╭─ Records for processing

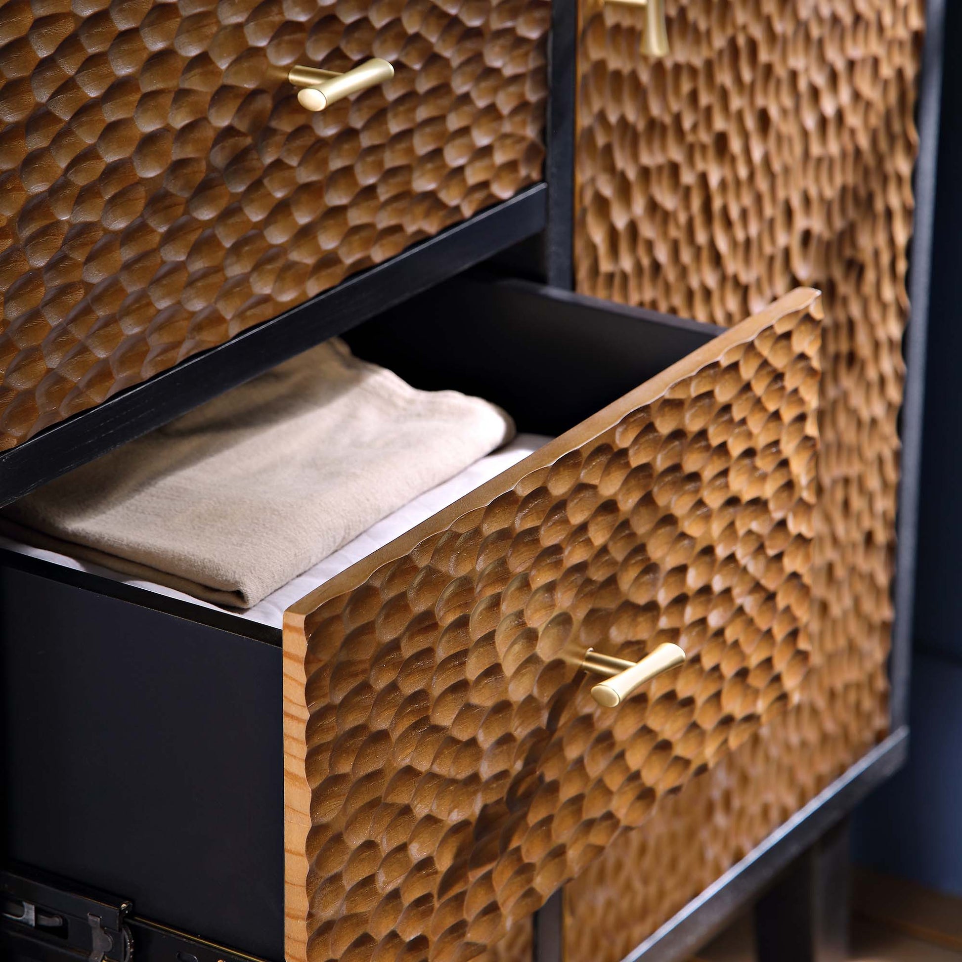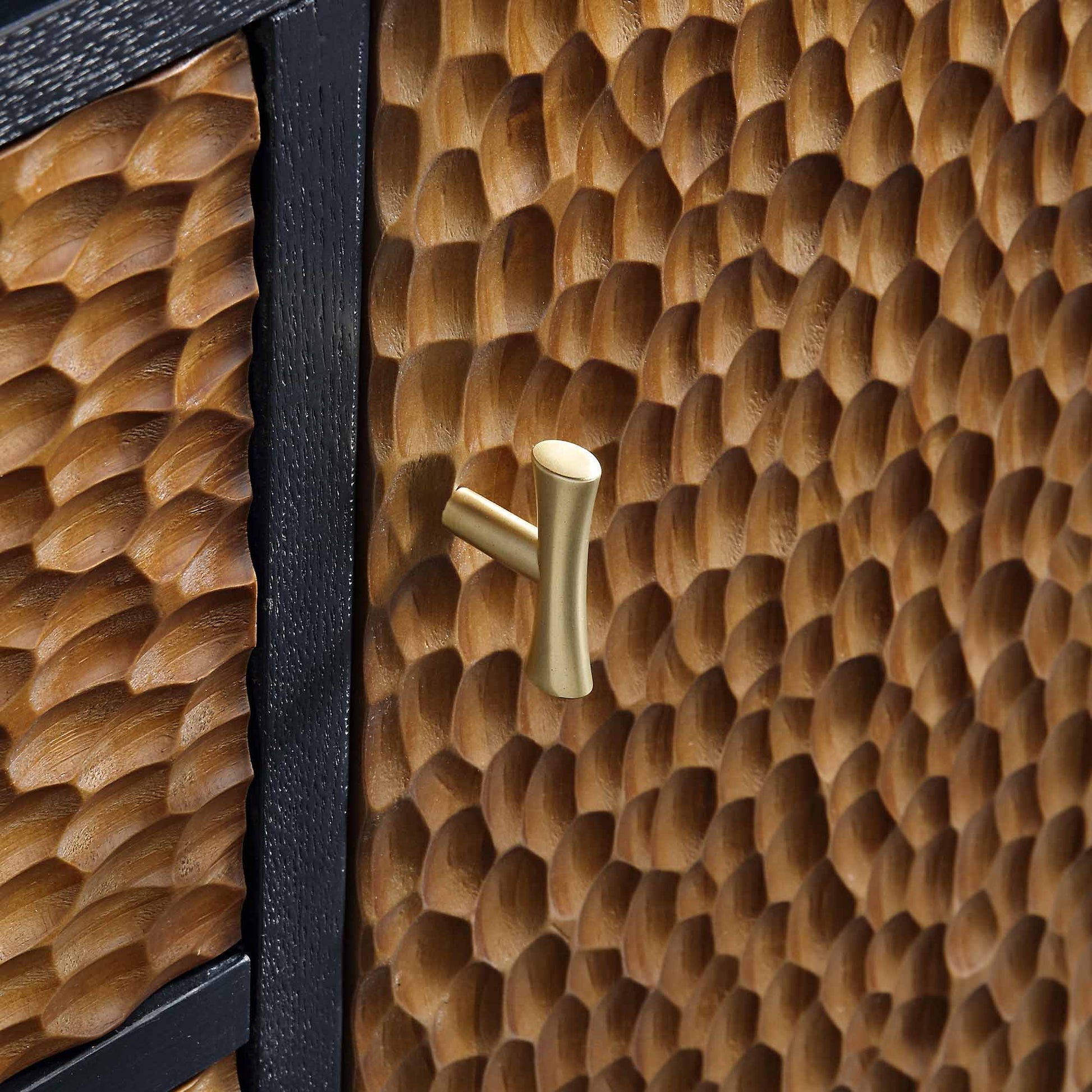 Buffet Bianca Chip sculpté à 1 porte et 3 tiroirs, bronze antique et noir
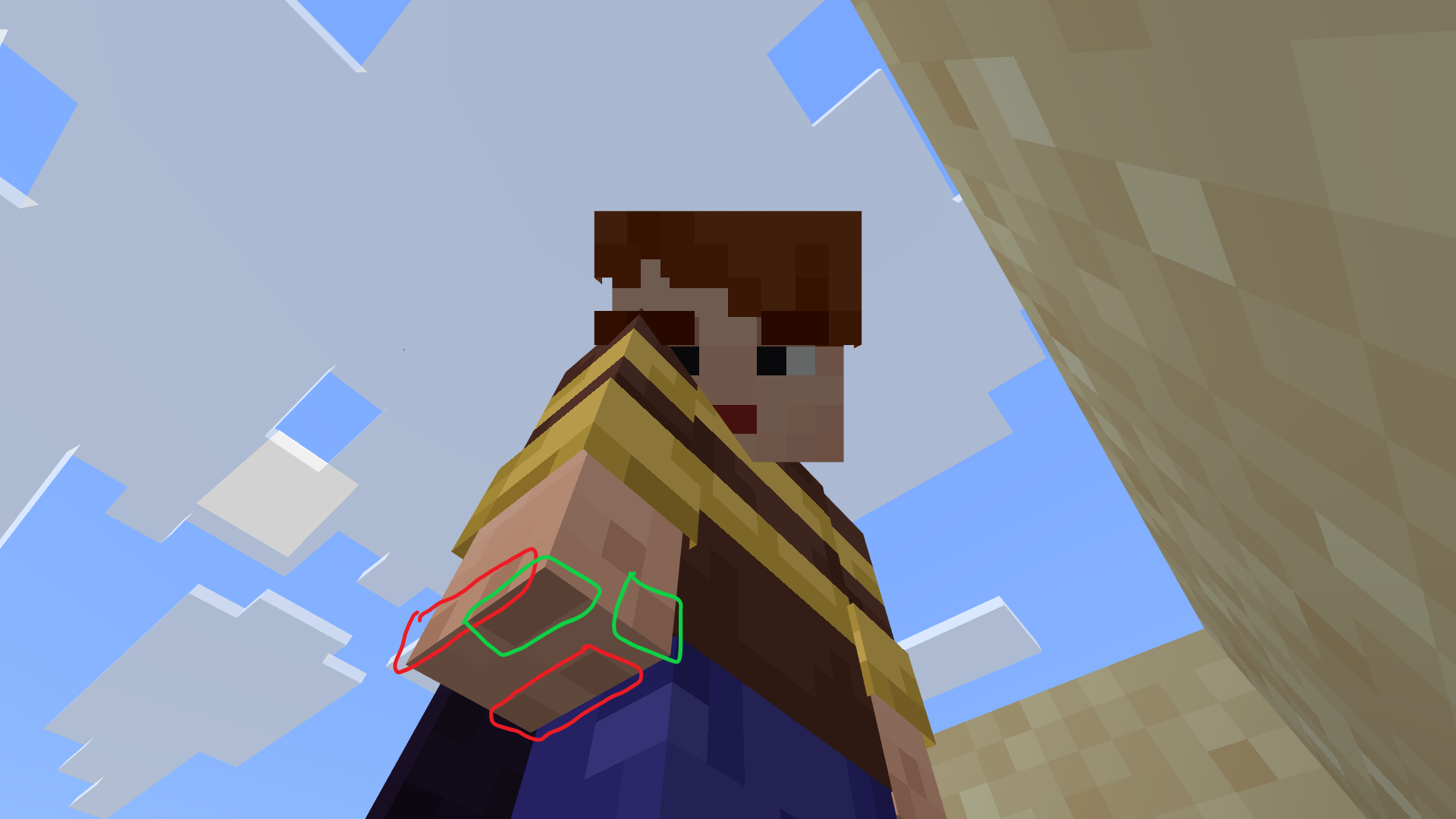 The underside of the hands appears mirrored in the Basic Texture. The finger pixels are abruptly interrupted from the sides of the hands and are displayed from below on the opposite side from the desired one, that is, mirrored.
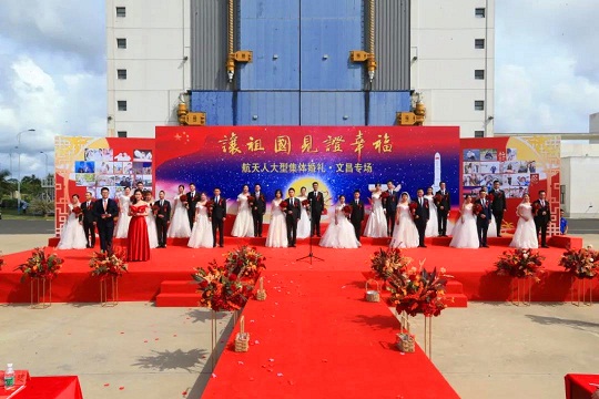 2020年10月1日,當中秋遇上國慶,中心在西昌和文昌發(fā)射場,為52對航天新人同步舉行“讓祖國見證幸?!奔w婚禮。
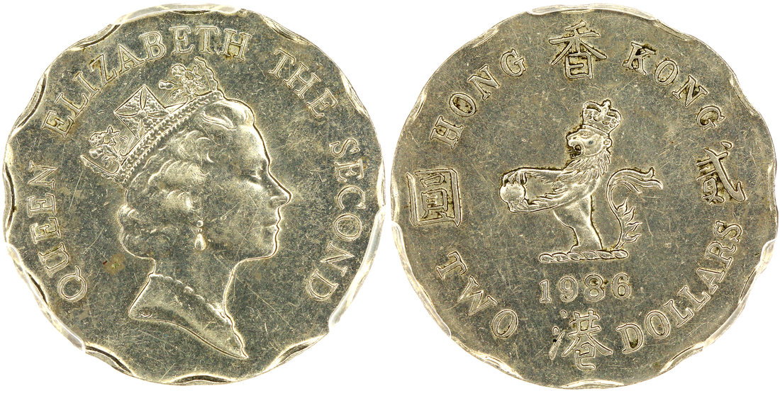 Hong Kong, a MINT ERROR $2, 1986, 'Impaired Scalloped Edge', Queen Elizabeth II on obverse,
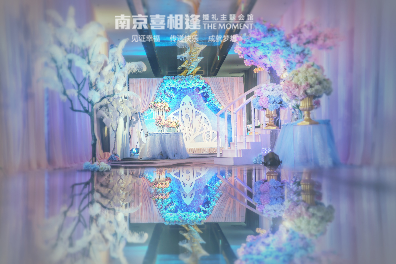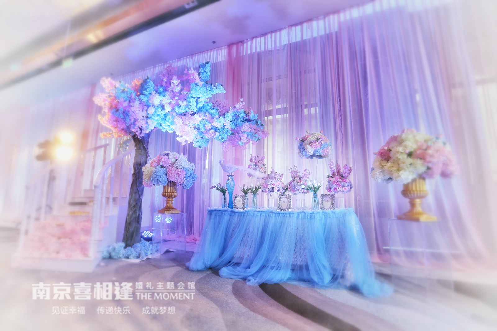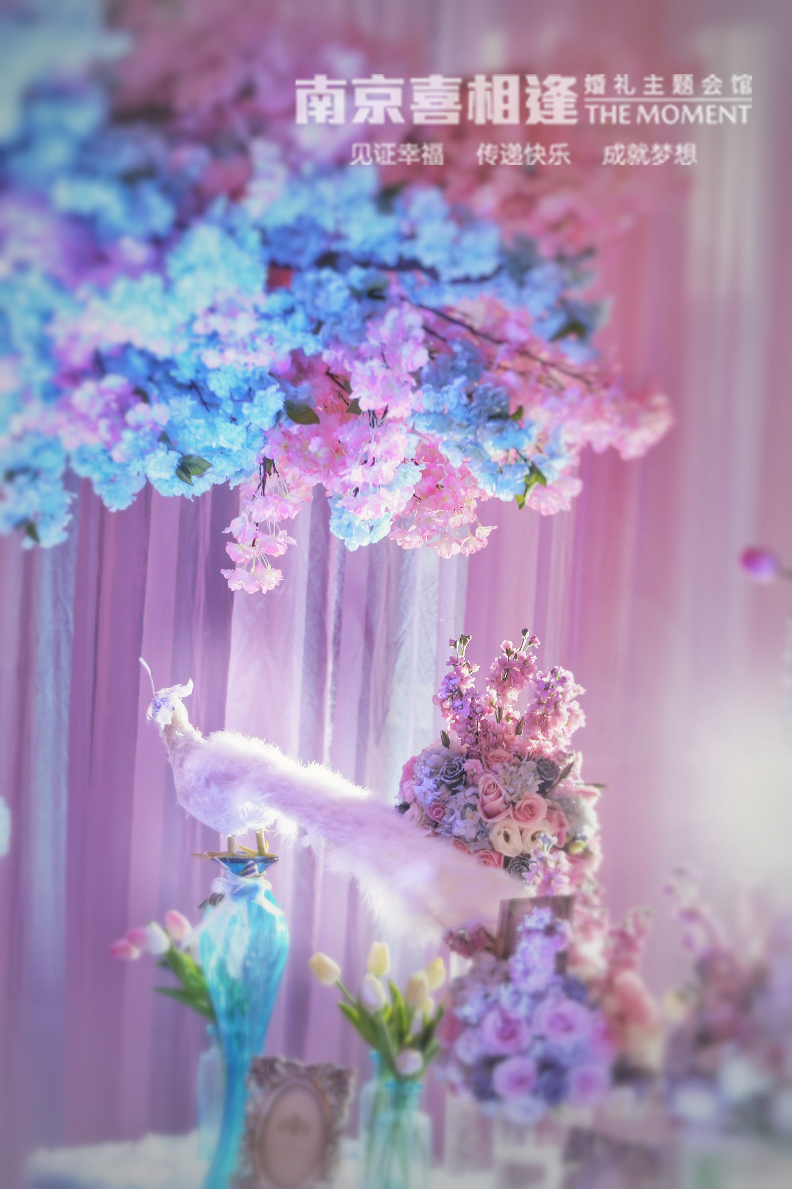 粉紫色总给人浪漫甜蜜的感觉,加上那么点纯净的淡蓝,更显得美好梦幻。粉紫与粉蓝的完美结合,作为本场婚礼的主要色系,圆了每个女孩童真年代的公主梦,圆满了童真也意味着开启轻熟。阳光正好,刚刚好遇到对的人,携手走向今生两个人的世界。
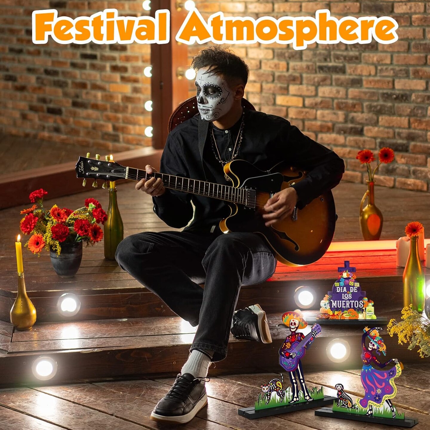 3 Pcs Day of The Dead Centerpiece Wooden Sugar Skull Signs Dancing Skeleton Couple Statue
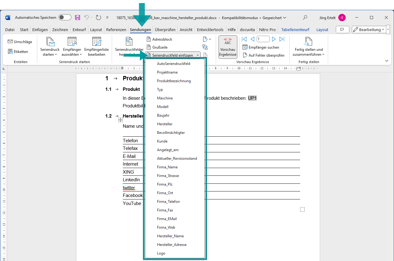 Bei der Erstellung der Betriebsanleitung im Register Betriebsanleitung können in Word-Dateien Platzhalter eingefügt werden:
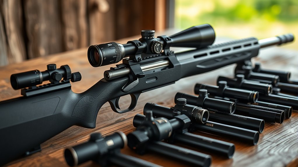 These scopes balance weather resistance, smooth adjustments, and clear reticles to keep you confident on any shoot. Keep exploring to discover how each performs in detail.
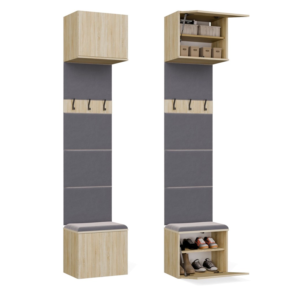 HAGA 1W to kompaktowy i funkcjonalny mebel do przedpokoju, który łączy wygodne siedzisko z miejscem do przechowywania, panel z wieszakami na odzież oraz praktyczną szafkę górną.
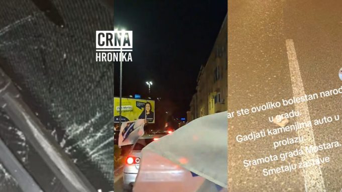 Na videosnimku koji kruži društvenim mrežama vidi se oštećeni automobil sa razbijenim vjetrobranskim staklom, dok se u pozadini može čuti i poziv upućen policiji.
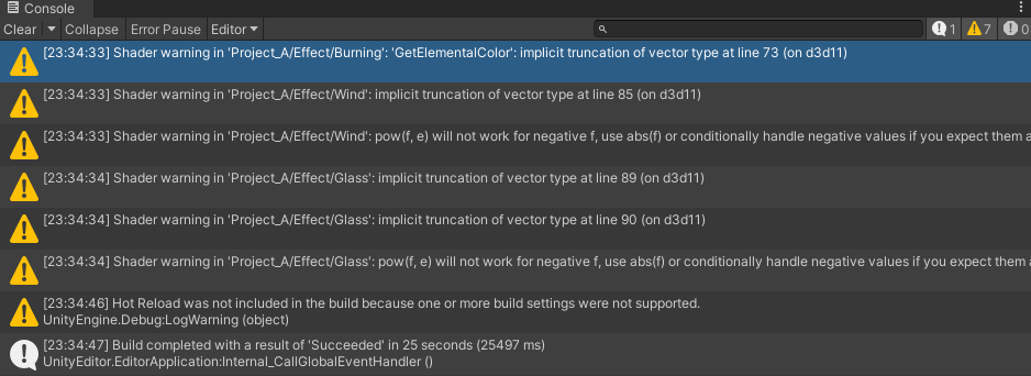 빌드하다가 셰이더 경고가 한가득 떴다. 대체로 float3와 float4를 잘못쓴 경우이다. 요새 빌드를 게을리 했더니 이런 선물을 주었다.
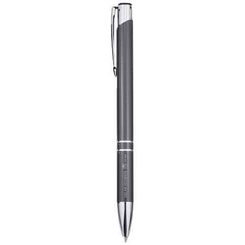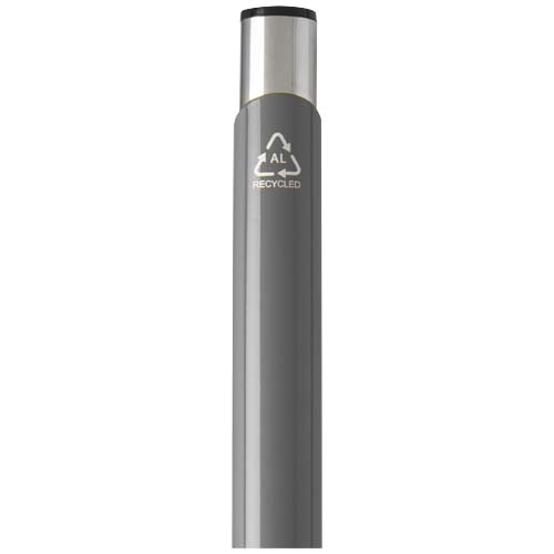 Długopis wykonany z aluminium z recyklingu z lakierowanym wykończeniem, połyskiem i wyrazistymi chromowanymi detalami. Aluminium z recyklingu ogranicza ilość odpadów na wysypiskach śmieci i pomaga chronić zasoby naturalne w celu zmniejszenia emisji gazów cieplarnianych. Kolor tuszu: Niebieski. Żywotność: 1000 metrów. Rozmiar stalówki: 1,00 mm.
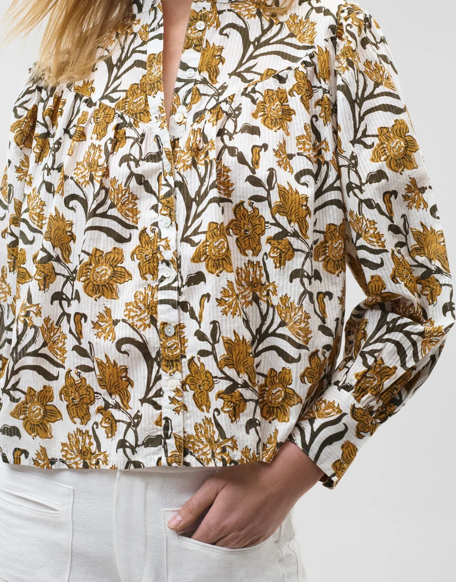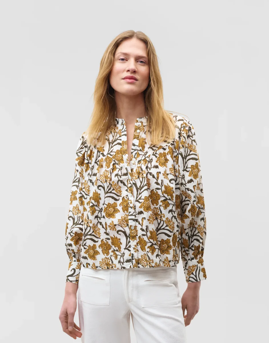 Blusa de manga larga acabada en puño abotonado y cuello redondo. Estampado floral.
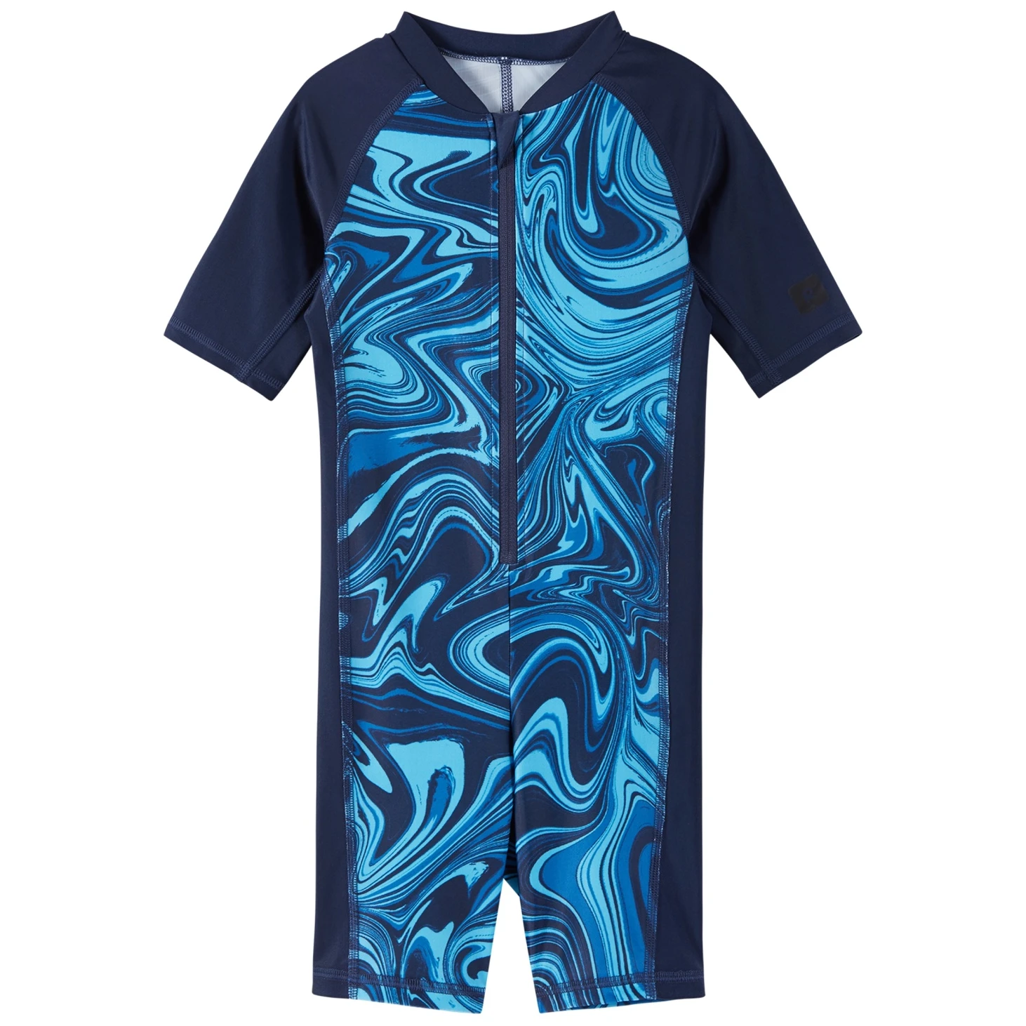 Der Vesihiisi Kinderbadeanzug der Marke Reima besteht aus Faser mit UV-Schutzfaktor 50+. Es bietet wirksamen Schutz vor den schädlichen Bestandteilen des Sonnenlichts.

╰─

**Task**
What you return must match the records line for line, with the pictures left out.

**Solution below**
 Buffet Bianca Chip sculpté à 1 porte et 3 tiroirs, bronze antique et noir
 The underside of the hands appears mirrored in the Basic Texture. The finger pixels are abruptly interrupted from the sides of the hands and are displayed from below on the opposite side from the desired one, that is, mirrored.
 2020年10月1日,當中秋遇上國慶,中心在西昌和文昌發(fā)射場,為52對航天新人同步舉行“讓祖國見證幸?!奔w婚禮。
 Hong Kong, a MINT ERROR $2, 1986, 'Impaired Scalloped Edge', Queen Elizabeth II on obverse,
 粉紫色总给人浪漫甜蜜的感觉,加上那么点纯净的淡蓝,更显得美好梦幻。粉紫与粉蓝的完美结合,作为本场婚礼的主要色系,圆了每个女孩童真年代的公主梦,圆满了童真也意味着开启轻熟。阳光正好,刚刚好遇到对的人,携手走向今生两个人的世界。
 3 Pcs Day of The Dead Centerpiece Wooden Sugar Skull Signs Dancing Skeleton Couple Statue
 Bei der Erstellung der Betriebsanleitung im Register Betriebsanleitung können in Word-Dateien Platzhalter eingefügt werden:
 These scopes balance weather resistance, smooth adjustments, and clear reticles to keep you confident on any shoot. Keep exploring to discover how each performs in detail.
 HAGA 1W to kompaktowy i funkcjonalny mebel do przedpokoju, który łączy wygodne siedzisko z miejscem do przechowywania, panel z wieszakami na odzież oraz praktyczną szafkę górną.
 Na videosnimku koji kruži društvenim mrežama vidi se oštećeni automobil sa razbijenim vjetrobranskim staklom, dok se u pozadini može čuti i poziv upućen policiji.
 빌드하다가 셰이더 경고가 한가득 떴다. 대체로 float3와 float4를 잘못쓴 경우이다. 요새 빌드를 게을리 했더니 이런 선물을 주었다.
 Długopis wykonany z aluminium z recyklingu z lakierowanym wykończeniem, połyskiem i wyrazistymi chromowanymi detalami. Aluminium z recyklingu ogranicza ilość odpadów na wysypiskach śmieci i pomaga chronić zasoby naturalne w celu zmniejszenia emisji gazów cieplarnianych. Kolor tuszu: Niebieski. Żywotność: 1000 metrów. Rozmiar stalówki: 1,00 mm.
 Blusa de manga larga acabada en puño abotonado y cuello redondo. Estampado floral.
 Der Vesihiisi Kinderbadeanzug der Marke Reima besteht aus Faser mit UV-Schutzfaktor 50+. Es bietet wirksamen Schutz vor den schädlichen Bestandteilen des Sonnenlichts.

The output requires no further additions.